Dear all,
I have a question about SORT_VALUES. I have two datasets, one with countries and one with clients. The countries file has this structure (country name, country code), such as:
South Georgia and the South Sandwich Islands,GS
South Sudan,SS
Spain,ES
Sri Lanka,LK
Sudan,SD
Suriname,SR
The clients file has the name, a rating and the country code, such as:
Manda Wingate ,regular,SI
Anna Rappold ,regular,SB
Albina Lamore ,malo,SO
Carolyn Machado ,bueno,ZA
Jeni Espinoza ,bueno,GS
Charisse Salzman ,bueno,SS
My program is about calculating how many good clients (clients with "bueno" rating) there are per country. I have a map, combiner and reducer. The problem is that I'm setting SORT_VALUES at True, but the key-values are not ordered in the reduce.

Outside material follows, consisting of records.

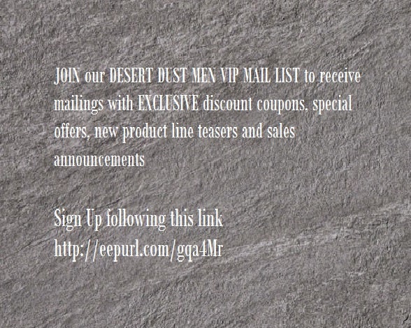 JOIN our DESERT DUST MEN MAIL LIST to receive mailings with EXCLUSIVE discount coupons and sales announcements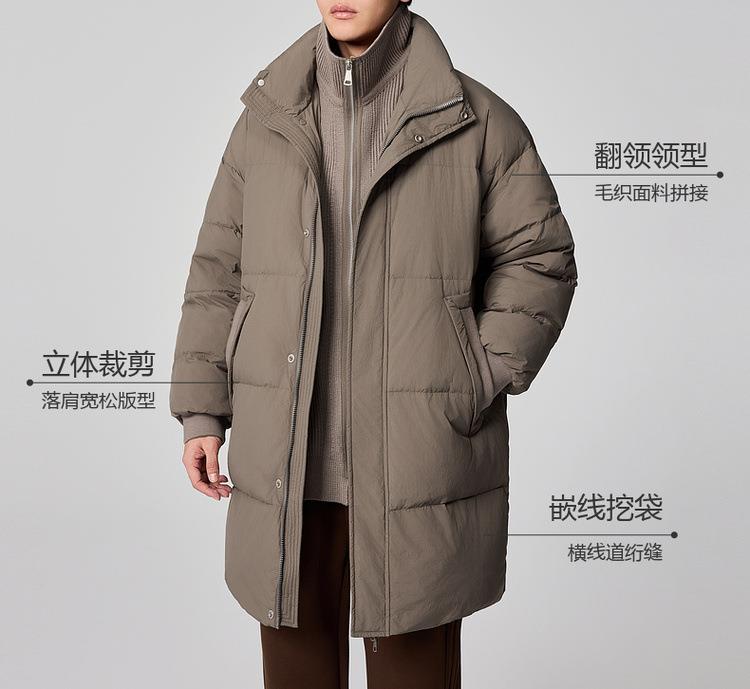 2025男装假两件拼接羽绒服男2025冬款中长款男士羽绒外套88719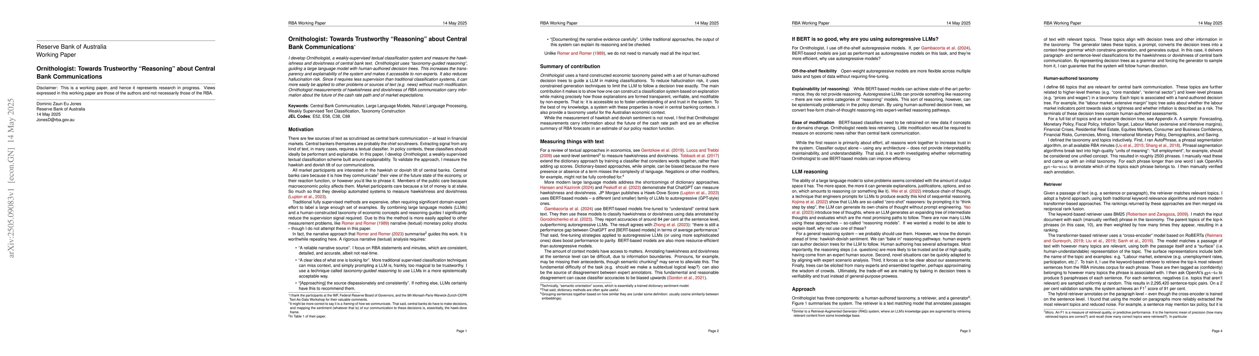 I develop Ornithologist, a weakly-supervised textual classification system and measure the hawkishness and dovishness of central bank text. Ornithologist uses ``taxonomy-guided reasoning'', guiding a large language model with human-authored decision trees. This increases the transparency and explainability of the system and makes it accessible to non-experts. It also reduces hallucination risk. Since it requires less supervision than traditional classification systems, it can more easily be applied to other problems or sources of text (e.g. news) without much modification. Ornithologist measurements of hawkishness and dovishness of RBA communication carry information about the future of the cash rate path and of market expectations.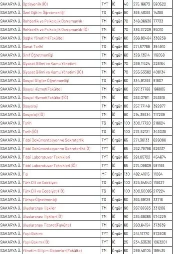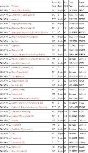 2019 SAKARYA ÜNİVERSİTESİ TABAN PUANLARI AÇIKLANDI MI?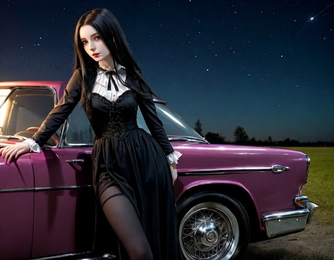 A striking figure in a black, vintage-inspired outfit leans against a classic pink car under a starry night sky, exuding an air of mystery and elegance.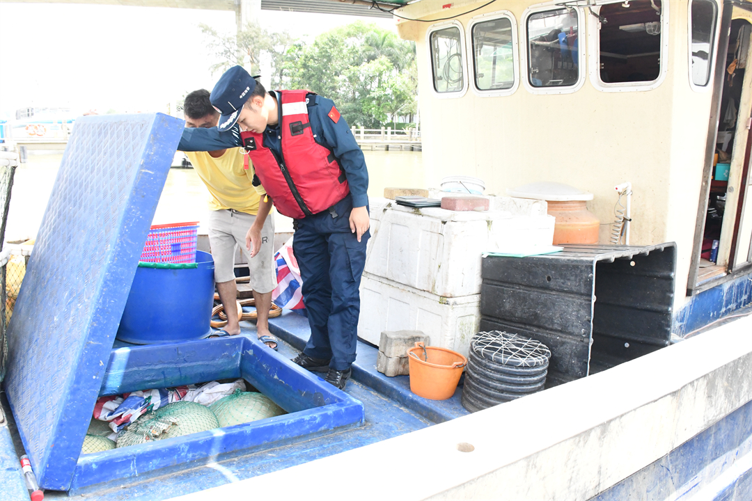 圖為海警執(zhí)法員對轄區(qū)沿海碼頭設施、建筑物和船只進行地毯式排查。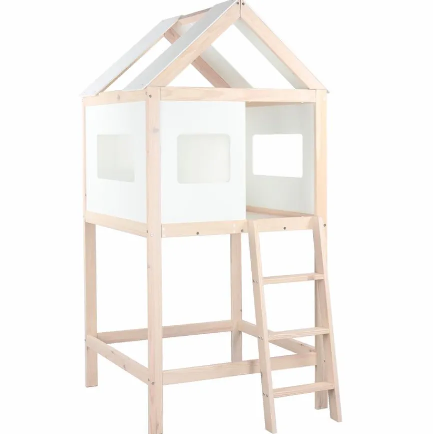 - Durch Weglassen einer der unteren, langen Verbindungsstreben passt das Bett Tower 90 x 200 cm, Artikelnummer 3842246-00001 unter den Baumhaus-Aufsatz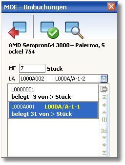 4. Im Feld ME tragen Sie nun die Anzahl des Artikels ein, welche auf ein anderes Lager umgebucht werden soll.

My code is (it is also attached in this message):
import sys, os, re
from mrjob.job import MRJob
from mrjob.step import MRStep
class MRJoin(MRJob):
SORT_VALUES = True
def mapper(self, _, line):
splits = line.rstrip("\n").split(",")
if len(splits) == 2: # countries
symbol = 'A' # countries before clients
country2digit = splits[1]
yield country2digit, (symbol, splits[0])
else: # clients
symbol = 'X'
country2digit = splits[2]
if splits[1]=='bueno':
yield country2digit,(symbol, 1)
def combiner(self,key, values):
bueno=0
for value in values:
if value[0] == 'A':
yield key, ('A', value[1])
else:
bueno=bueno + 1
if bueno > 0:
yield key, ('X', bueno)
def reducerSimple(self, key, values):
for value in values:
yield key,value
def steps(self):
return [
MRStep(mapper=self.mapper
,combiner=self.combiner
,reducer=self.reducerSimple)
]
if __name__ == '__main__':
MRJoin.run()
And the output that I get when I run on hadoop is:
"ES" ["X", 3]
"ES" ["A", "Spain"]
When I run local the order is fine.
Could anybody tell me why "X" comes before "A" considering that SORT_VALUES is true? Am I doing something wrong?
Thanks for your help
Agustin